Kate McKinnon comes out as Ruth Bader Ginsburg in a segment perfectly devoid of humor, then Jost and Che do some one-liners comparably devoid, and then Che criticizes the rollback of birth control protections with this line for the ages: “Women are basically putting their bodies through global warming just so I can keep pretending to have a latex allergy.” Ha ha, yeah, a woman’s right to birth control about you, Che! It’s about you lying to get laid! Jesus Christ, you guys.

Oh! I lied earlier when I said “The Chosen One” was the episode’s highlight. The actual highlight was Davidson coming on Weekend Update to talk about his experience with borderline personality disorder. His advice for people who think they might be depressed is to see a doctor, make healthy choices, and if they’re in the cast of a late night show, the show should do more of their sketches. It’s a good bit! Serviceable and self-deprecating, serious and light-hearted. At the end of it, when the crowd is applauding, Davidson asks Jost, “How have I not been fired?” Great stuff.

The next sketch sucked. It’s about a princess (Gadot) who I guess is poor for reasons I must have missed when I wasn’t paying attention to the opening voiceover. A trio of mice (Bryant, McKinnon, Mooney) make her a dress for some fancy ball, but here’s the thing: The dress looks like shit. When she refuses to wear it out, they make fun of her for being poor. It’s actually pretty vicious and weird! Bennett comes in as her date, learns that the mice made her the dress, and asks Bryant out to the ball instead. But why?, the princess asks. “Oh sorry, I don’t date poor chicks. It gets messy real fast.” Wow!

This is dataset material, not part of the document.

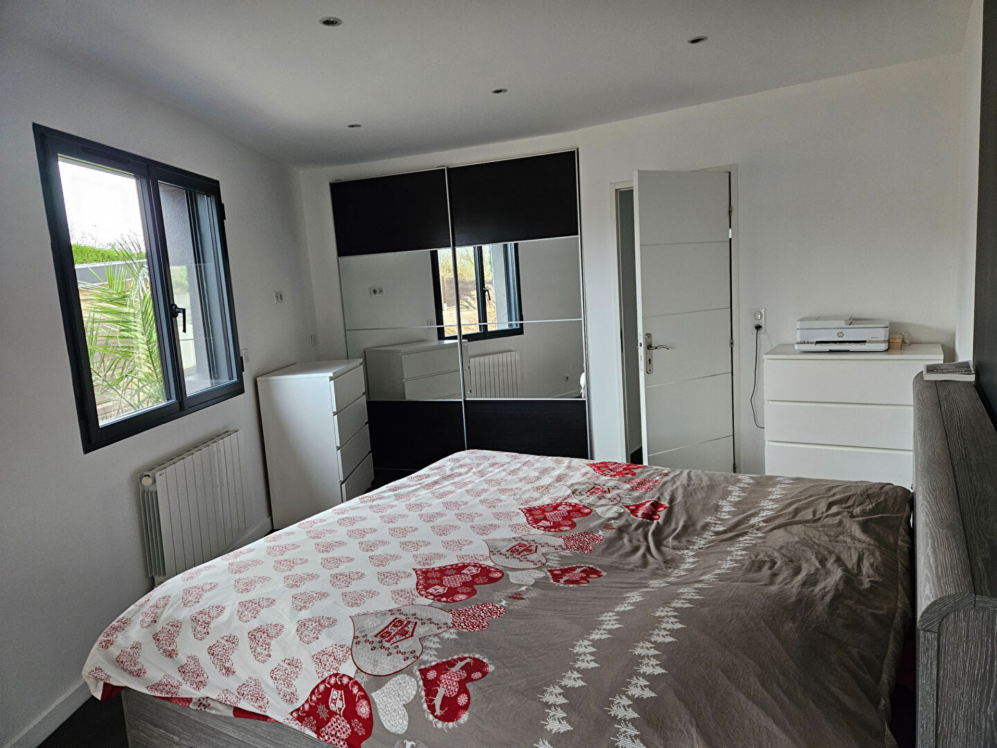 Édifiée de plain-pied, elle propose une agréable pièce de vie lumineuse avec cuisine aménagée et équipée. L'espace nuit se compose de deux chambres avec dressing, d'une salle d'eau et de WC séparés.

The next sketch also sucked. I don’t really want to get into it but it Alex Moffat plays some spy-type dude making an exchange with some other spy-type lady (Gadot), who I guess is holding some valuable flash drive for ransom, and for some reason they’re doing the exchange over video chat, and the chat keeps cutting out and switching to this webcam channel where Bryant and Strong do gross stuff for money, and, I don’t know, it keeps switching back and forth between the two channels, muddying up the deal, and then Moffat accidentally wires the ransom money to the webcam ladies, and also Thompson and Luke Null are in the sketch too.

Then Sam Smith sings another song. God bless you, Sam Smith!

Finally we arrive at the Wonder Woman parody, sort of. Diana (Gadot) is hanging out on Themyscira with her fellow Amazons when two women (McKinnon and Bryant) pull up in a rowboat. The bit is that they think the Amazons, like them, are lesbian, that this is an island full of lesbians, an island where they can live the rest of their lives happily boning hot women, but it turns out it’s not, none of the Amazons are gay, even though they do rough-house a lot and admire each other’s bodies and all that. The joke is also that Gadot is really hot and they want to fuck her, so it’s very frustrating for them when she lays their heads on her breasts in a sort of sympathetic gesture that doesn’t track logically but hey, clearly someone wanted Gadot to say “tits.” She offers to make out with McKinnon, to see if she feels anything, and they kiss, and everyone cheers!, but she doesn’t feel anything, so McKinnon and Bryant leave the island. An animation shows them ending up at the Greek Island of Lesbos, ha ha. I don’t know who wrote the sketch and but it very much played like the most obvious male fantasy you could fantasize about an island of powerful women warriors. If it was in fact a woman’s fantasy, still I gotta question the choice to give this episode yet another sketch where the joke is that women are hot.

In the episode’s final sketch, Gadot plays a daytime talk show host whose schtick, I guess, is solving problems with tough love. In this case she brings on a tough-guy cop-type character (Thompson) to deal with a rebellious teenage girl (Heidi Gardner) who hates her mom (Bryant) and also is addicted to straws (this was funny enough). He threatens to take her away to his boot camp and asks if she’d like that, if she’d like it if he were her daddy. The joke of the sketch is she takes this literally—she does want a daddy, because, you see, she has no father figure, which apparently is why she misbehaves—and then so does everyone else, and he gets pressured into adopting her.

That’s it, that’s the end of the show.